Posted to user@hbase.apache.org by Bryan Keller <br...@gmail.com> on 2011/04/07 09:24:02 UTC

Is there a setting to cap row size?

I have a wide table schema for an HBase table, where I model a one-to-many relationship of purchase orders and line items. Each row is a purchase order, and I add columns for each line item. Under normal circumstances I don't expect more than a few thousand columns per row, totalling less than 1mb per row in general.

In one of my stress tests, I was inserting many line items into the same row. Eventually, the row's region server shut down. In the log there was an IOException with an error about the wite-ahead log failing to close, with the subsequent regionserver shutdown.

Once in this state, the only way I could manage to get my system functional again was to wipe the /hbase directory in HDFS and start from scratch.

To avoid having my system susceptible to total data loss due to some bad import data or the like, I'd like to limit the size of the row so it will simply throw an exception if it reaches a certain size (either in bytes or in number of columns). Does such a setting exist?

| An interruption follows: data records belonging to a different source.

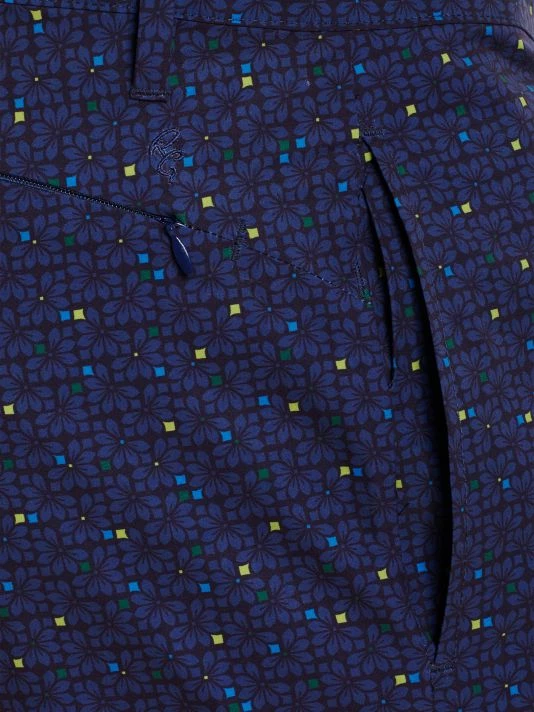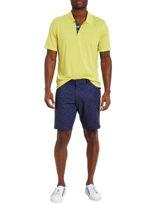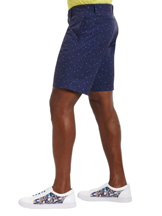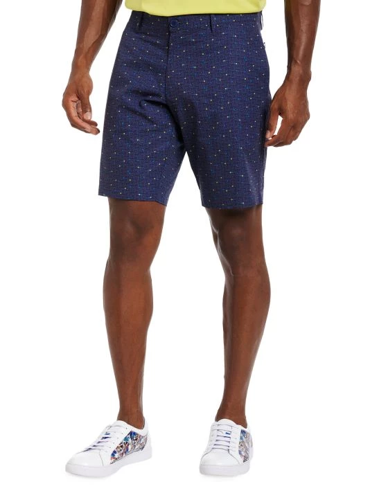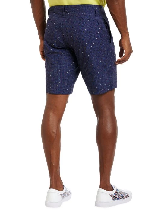 In a deco golf print, these shorts feature side slip pockets and back zip pockets.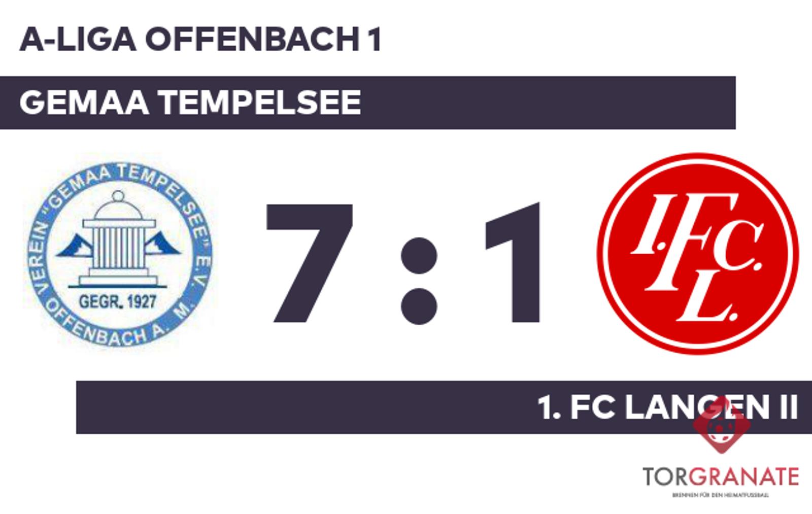 Das Gemaa Tempelsee erwischte einen Blitzstart ins Spiel. Elvedin Lekovic traf in der sechsten Minute zur frühen Führung. Bereits in der 15. Minute erhöhte Khalid Belkasmi den Vorsprung des Gastgebers. Anes Hadzic versenkte den Ball in der 22. Minute im Netz des Gemaa Tempelsee. Der Halbzeitpfiff war noch nicht ertönt, als Lekovic seinen zweiten Treffer nachlegte (44.). Mit der Führung für das Gemaa Tempelsee ging es in die Kabine. Zum Seitenwechsel ersetzte Tom Appelrath vom 1. FC Langen II seinen Teamkameraden Gabriel Weber. Ibrahim Ilhan (51.) und Ismail Yildiz (57.) trafen innerhalb weniger Minuten zur Vorentscheidung des Gemaa Tempelsee. Maximilian Ruhr gelang ein Doppelpack (65./86.), mit dem er das Ergebnis auf 7:1 hochschraubte. Schlussendlich verbuchte das Gemaa Tempelsee gegen den 1. FC Langen II einen überzeugenden Heimerfolg.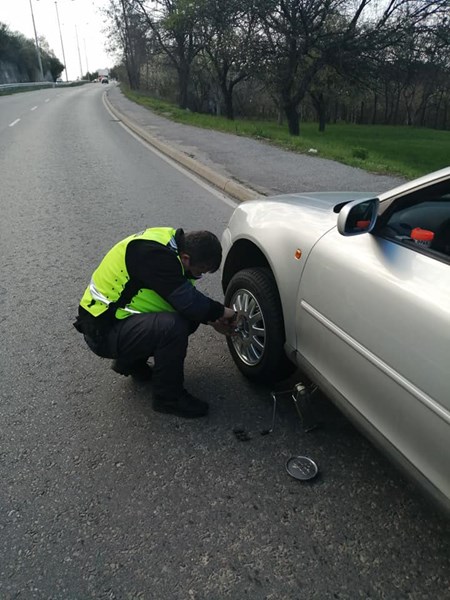 Служителят на ОД на МВР - Перник е сменил спуканата гума на автомобила на г-жа Генадиева.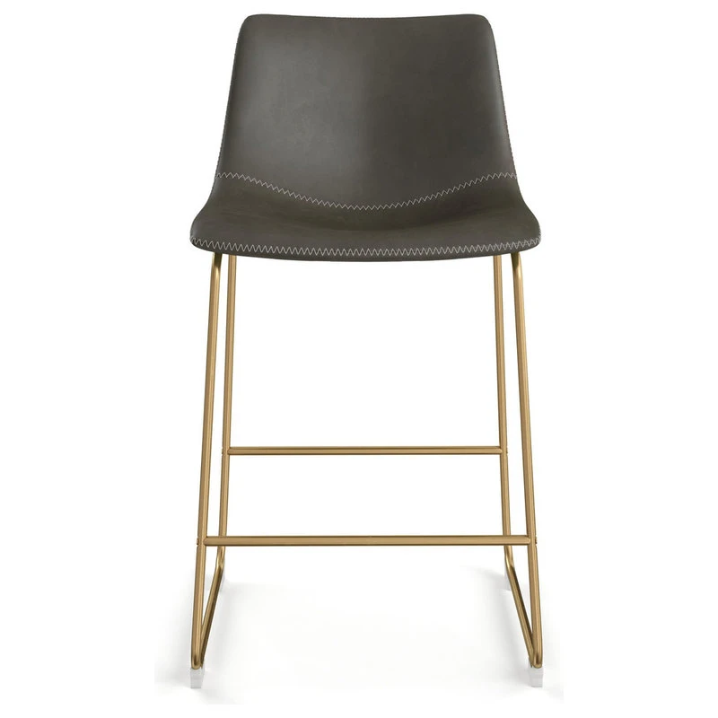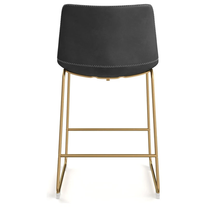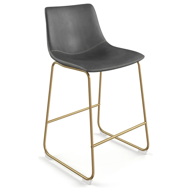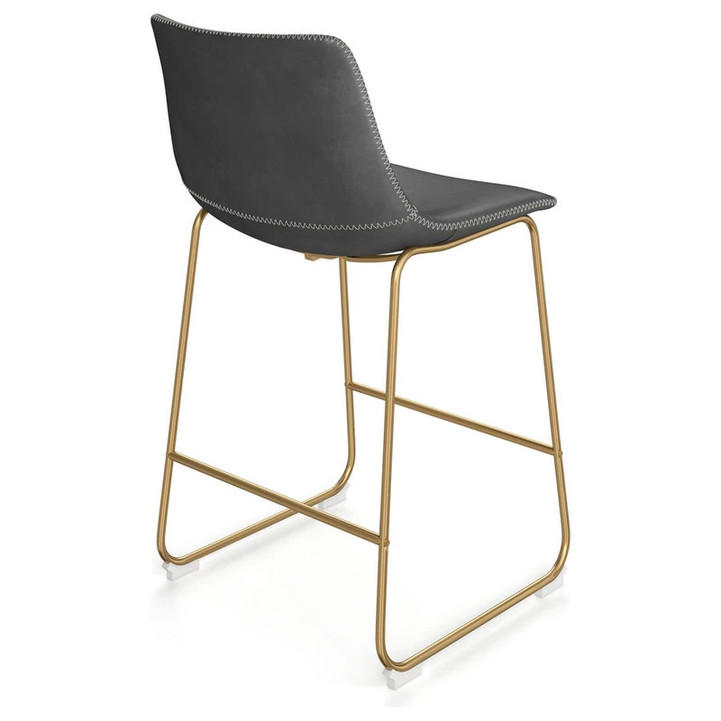 Converging style and functionality, these counter stools embody a vintage flare with a truly modern touch that is sure to please. The faux leather padded seat perfectly meets the curvature of your back providing comfort and support while the contrasting zig-zag stitching conveys an undeniable decorative element. The sled base is constructed from sturdy metal in your choice of gold or black matte powder coated finish with an added perch to rest your feet. Non-marking caps have been added to protect your floors. Stools are sold in increments of two per carton.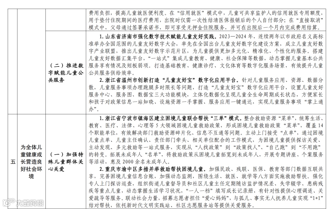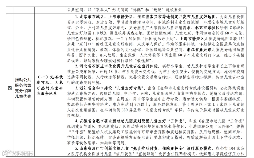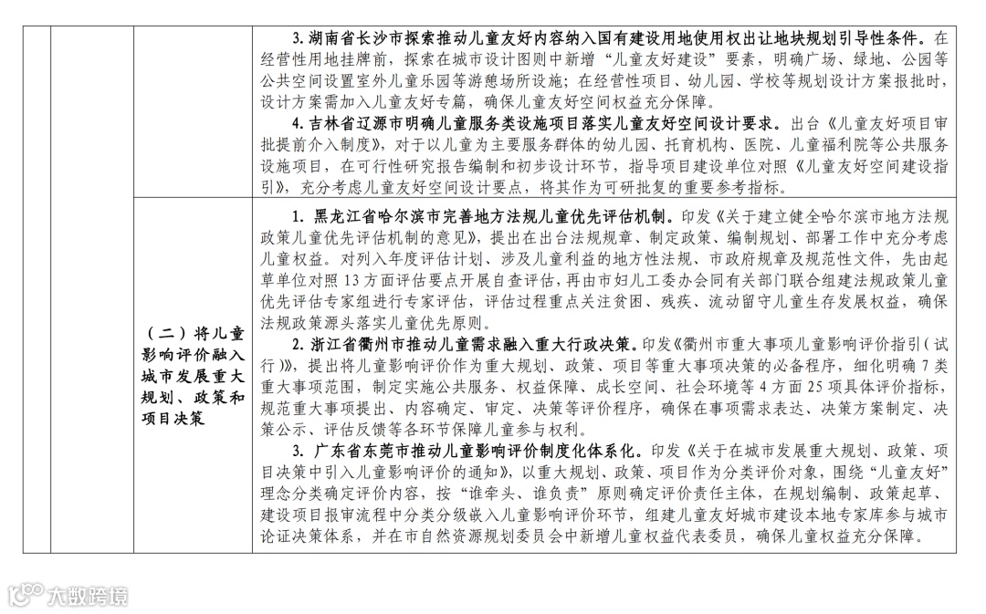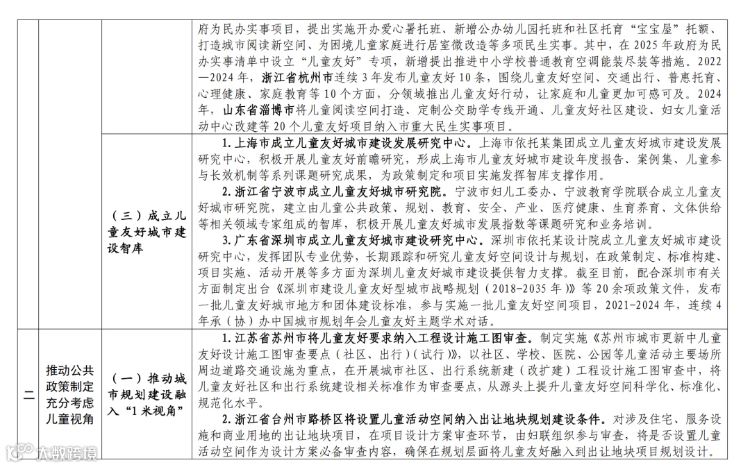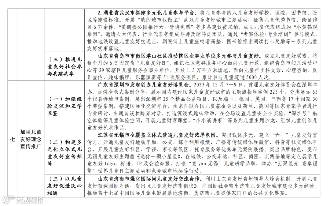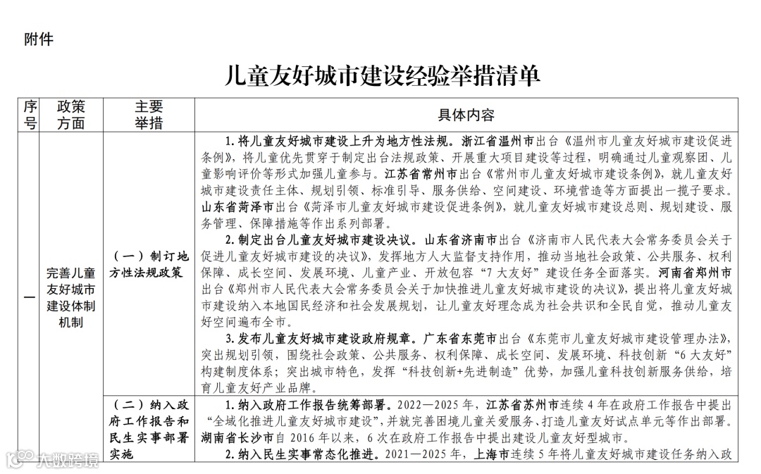 儿童友好城市建设经验举措清单如下:

Re: Is there a setting to cap row size?

Posted by Ryan Rawson <ry...@gmail.com>.
Sounds like you are having a HDFS related problem.  Check those
datanode logs for errors.

As for a setting for max row size, this might not be so easy to do,
since during the Put time we don't actually know anything about the
existing row data. To find that out we'd have to go and read the row
first then make a decision.

There are some sources for how HBase stores on disk, we are also very
similar to the bigtable paper.

-ryan

On Thu, Apr 7, 2011 at 7:24 AM, Bryan Keller <br...@gmail.com> wrote:
> I have a wide table schema for an HBase table, where I model a one-to-many relationship of purchase orders and line items. Each row is a purchase order, and I add columns for each line item. Under normal circumstances I don't expect more than a few thousand columns per row, totalling less than 1mb per row in general.
>
> In one of my stress tests, I was inserting many line items into the same row. Eventually, the row's region server shut down. In the log there was an IOException with an error about the wite-ahead log failing to close, with the subsequent regionserver shutdown.
>
> Once in this state, the only way I could manage to get my system functional again was to wipe the /hbase directory in HDFS and start from scratch.
>
> To avoid having my system susceptible to total data loss due to some bad import data or the like, I'd like to limit the size of the row so it will simply throw an exception if it reaches a certain size (either in bytes or in number of columns). Does such a setting exist?